What notes do you tend to love in perfumes?
What notes do you stay away from?


Love: Vanilla, Almond, Orchid, Sandalwood, Orange blossom

Hate:Mint, Patchouli, Lavender, Cotton Candy, Lemon


----------



## user79 (Feb 17, 2008)

Like: jasmine, anything citrusy, light sandalwood

Dislike: strong rose, strong patchouli, anything powdery, amber


----------



## flowerhead (Feb 17, 2008)

i like patchouli, jasmine, insence, berries, musk...& chanel no 5 hehe. i dislike anything artificially sweet like vanilla or honey. citrus reminds me of cleaning products.


----------



## Meryl (Feb 18, 2008)

LOVE:  all the wood notes, orange blossom, peach, jasmine, iris, some light rose

HATE: patchouli, amber, vanilla, vetiver, citrus, musk


----------



## cupcake_x (Feb 25, 2008)

I love coconut, fruits, anything spicy, cotton candy

I hate anything flowery and heavy.


----------



## GreekChick (Feb 25, 2008)

I love anything ith tuberose.
I hate pathcouli.


----------



## makeba (Feb 25, 2008)

i love citrusy notes. i love jasmine, orange, gardenia and amber and sandlewood notes.

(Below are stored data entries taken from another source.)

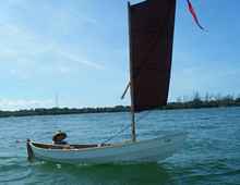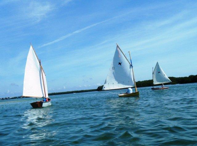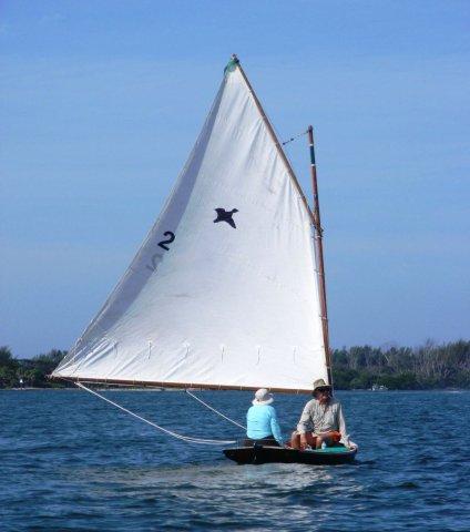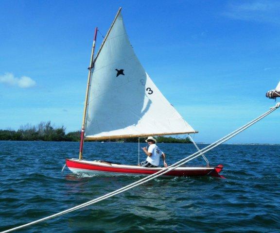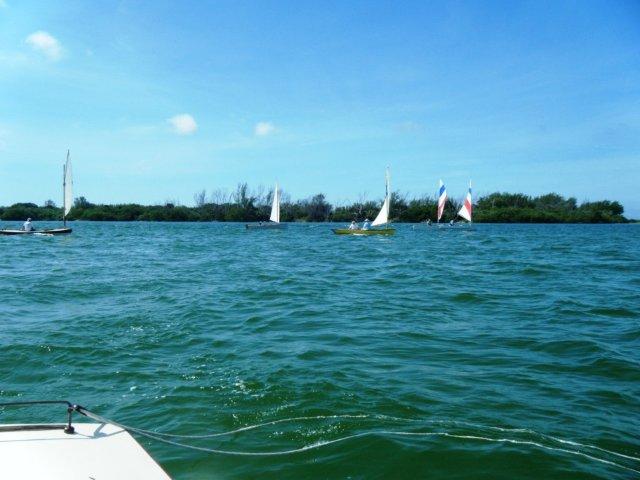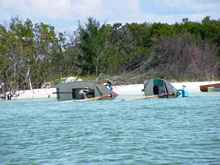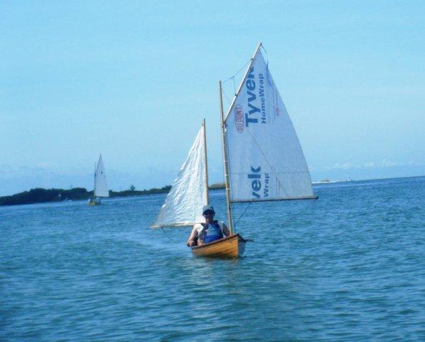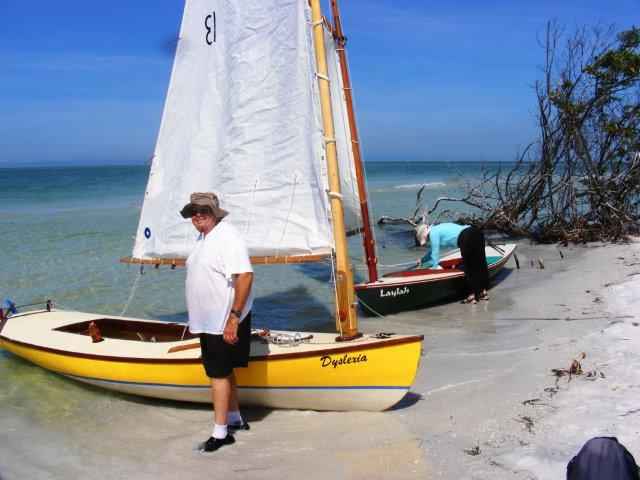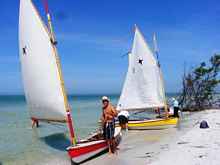 Crazy Steve had his tiny ketch wound up and moving right along. He answered the question once and for all; What's the fastest sailboat in the world for going to weather with absolutely no wind and no oars? These two melonseeds are laying on their sides to get their centerboards unstuck. The beach was not sand but crushed shell that really jammed up our boards. Since they float on their sides we just pulled them over, popped the plug on top of the cap and pushed them down with the stick made for just this.
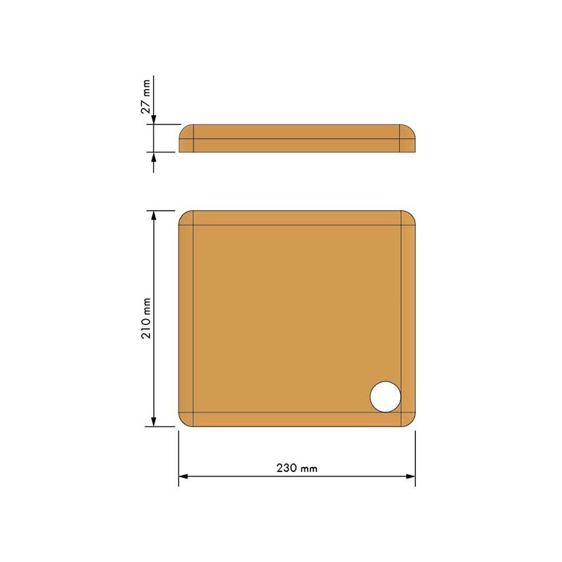 Planche à découper en bois naturel compatible avec le porte-couverts M&C de Menage&Confort. Dimensions (largeur x hauteur x profondeur): 210 x 27 x 230 mm.
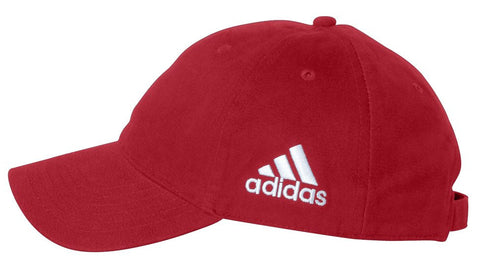 Made of 100% polyester. Features structured, six-panel, mid-profile and moisture-wicking. It has UV protection of 50+ UPF, embroidered Adidas logo on left side panel and Velcro® closure. Complies with Prop 65.

i dont like patchouli, or fruity notes


----------



## bittersweet (Mar 3, 2008)

A Perfume must have a Vanilla note! 
	

	
	
		
		

		
			





I dislike strong roses oder strong fruity notes!


----------



## KikiB (May 29, 2008)

Love: Vetiver/grass, berry, lemon, orange, freesia, peony, tuberose, grapefruit, sweet things (ie cotton candy, cake)

HATE: Amber, musk, sandalwood, lavender, most rose, PEACH (ugh), anything cotton-y/linen-y, sometimes verbena, fig, some jasmine notes


----------



## panda0410 (Jan 30, 2010)

Love: tuberose, rose, gardenia, amber, vanilla, orange, sandalwood, all woods, freesia, jasmine, tiare, (white) musk, pink pepper, iris and violet

Dislike: bergamot

HATE: strong or poor grade patchouli, ylang ylang, anise.... sickening nauseating....often migraine inducing....


----------